= Chicago school (literary criticism) =

Form of criticism of English literature

The Chicago School of literary criticism was a form of criticism of English literature begun at the University of Chicago in the 1930s, which lasted until the 1950s. It was also called Neo-Aristotelianism, due to its strong emphasis on Aristotle's concepts of plot, character and genre. It was partly a reaction to New Criticism, a then highly popular form of literary criticism, which the Chicago critics accused of being too subjective and placing too much importance on irony and figurative language. They aimed instead for total objectivity and a strong classical basis of evidence for criticism. The New Critics regarded the language and poetic diction as most important, but the Chicago School considered such things merely the building material of poetry. Like Aristotle, they valued the structure or form of a literary work as a whole, rather than the complexities of the language. Despite this, the Chicago School is considered by some to be a part of the New Criticism movement.

==Beginnings==
Ronald Salmon Crane (1886–1967) is considered the founder of the Chicago Aristotelians. He began teaching at the University of Chicago in 1924, was made a professor in 1925, and chaired the English department there from 1935–1947. In 1935, he wrote “History versus Criticism in the Study of Literature” (published in English Journal 24 [1935]:645-67), in which he defined literary criticism as “simply the disciplined consideration, at once analytical and evaluative, of literary works as works of art.” Crane was greatly influenced by Richard McKeon, a professor of philosophy at the University, who stressed Aristotle's idea of "pluralism," which says that many systems of criticism are necessary to completely understand literature, specifically poetry, or in the case of philosophy, the world. Crane said that “the only rational ground for adhering to one [form of criticism] rather than to any of the others is its superior capacity to give us the special kind of understanding and evaluation of literature we want to get, at least for the time being.”

==Theory==
The question for the Chicago School (as it was for Aristotle) was always what the purpose of the theory of criticism was, what hypotheses were brought to bear by the theory about the nature of literature (for instance, whether it consisted of the words alone, or whether it was to be thought of as part of a larger context such as an era or an artist's life), and the definitions of words (such as the definition of tragedy or comedy).

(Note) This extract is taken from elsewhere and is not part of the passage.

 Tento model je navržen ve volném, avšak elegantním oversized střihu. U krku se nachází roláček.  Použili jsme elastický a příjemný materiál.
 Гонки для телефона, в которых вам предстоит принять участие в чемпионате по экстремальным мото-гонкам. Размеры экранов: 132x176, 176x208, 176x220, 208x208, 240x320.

The Chicago School claimed not to preclude other theories of criticism. It did, however, criticize those who were not clear or consistent about the initial hypotheses and definitions behind their theories. It thus appeared to many of the proponents of those theories that the Chicago School was claiming that theirs was the only good and effective approach to literature. For this reason, they were considered by some critics (including W.K. Wimsatt, whose essay "The Chicago Critics" is a critical assessment of their work) to be hypocritical, although they would vehemently deny this.

== Purpose ==
Many of the ideas of the Chicago School are thought to have come out of the reorganization of undergraduate education at the University of Chicago by Robert Maynard Hutchins, then President there. He placed great importance on primary sources and interdisciplinary studies for all students. Crane and his colleagues were forced to defend English as a valid topic of study, and the Chicago School might have developed partly from this pressure to put the study of English on a sound classical basis.

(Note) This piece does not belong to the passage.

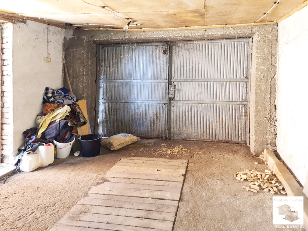 Дворът е равен и просторен, с площ от 1 200 кв.м., ограден с телена мрежа. В него са изградени масивен гараж, навес с пещ подходящ за летни събирания, както и голяма селскостопанска постройка с възможности за стопанска дейност, хоби или склад. Имотът е снабден с ток и вода.
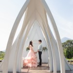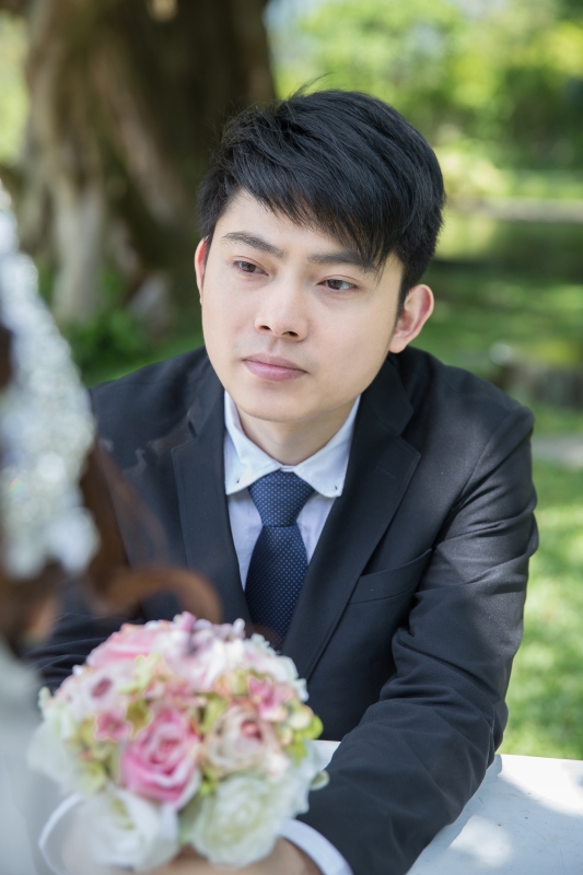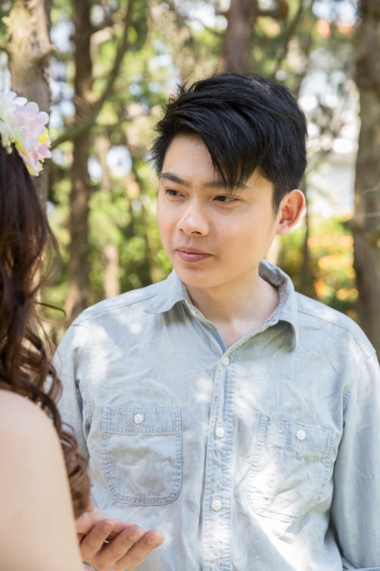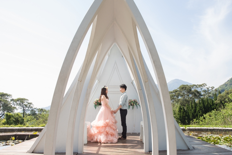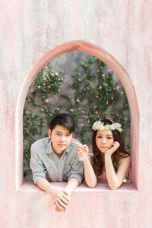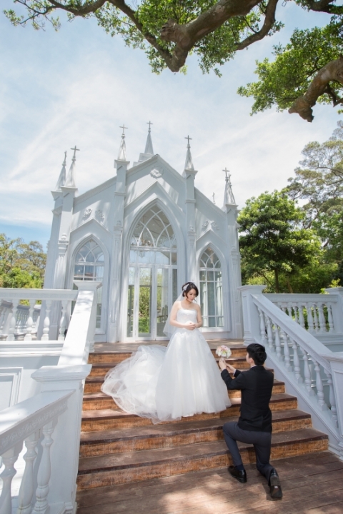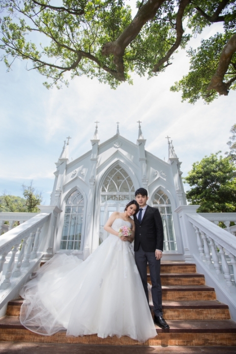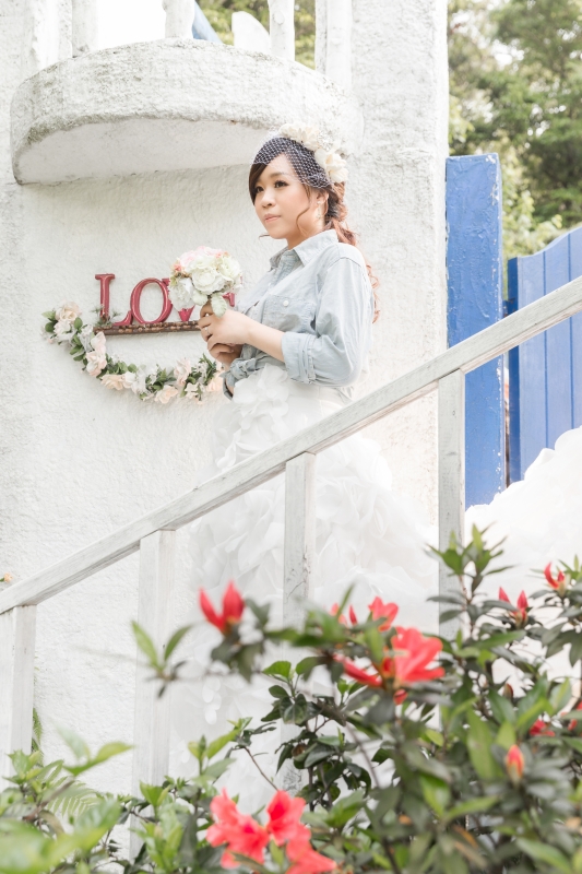 君儀是個害羞可愛的女孩,因為她的關係,讓我第一次來到真愛桃花源,這裏是位在文化大學旁邊,是最近蠻熱門的婚紗景點之一,前一陣子做了一個類似沖繩克莉絲丁教堂的場景,這個景也成為我們當天拍攝的第一個畫面。(由於這個景剛蓋好,拍攝時需要排隊,好在我們一早就開始拍,所以不用排多久就排到了)

Other key figures in the Chicago School were Norman Maclean, Elder Olson, William Rea Keast and Bernard Weinberg. After this first generation, the most important critics to carry on the theory were Wayne C. Booth (who taught at the University of Chicago from 1947-1950 and again from 1962 until his death in 2005) and his contemporaries, Richard L. Levin, Sheldon Sacks, Robert Marsh, Arthur Heiserman, Ralph W. Rader, and Mortimer J. Adler. Booth loosened the rigid categories of genre originally set forth by the Chicago School and moved the concentration away from poetry toward rhetoric. The Chicago School has demonstrated continuing importance, and continuing flexibility, in the work of the third-generation Chicago critics, including Michael Boardman, Barbara Foley, Walter A. Davis, Dorothy Hale, Elizabeth Langland, James Phelan, Peter J. Rabinowitz, David H. Richter, and Harry Shaw, among others.

==Works==
Notable works in the Chicago School include Critics and Criticism (Crane, ed. Chicago, 1952), The Languages of Criticism and the Structure of Poetry (Crane, Toronto, 1953), and The Rhetoric of Fiction (Booth. Chicago, 1983).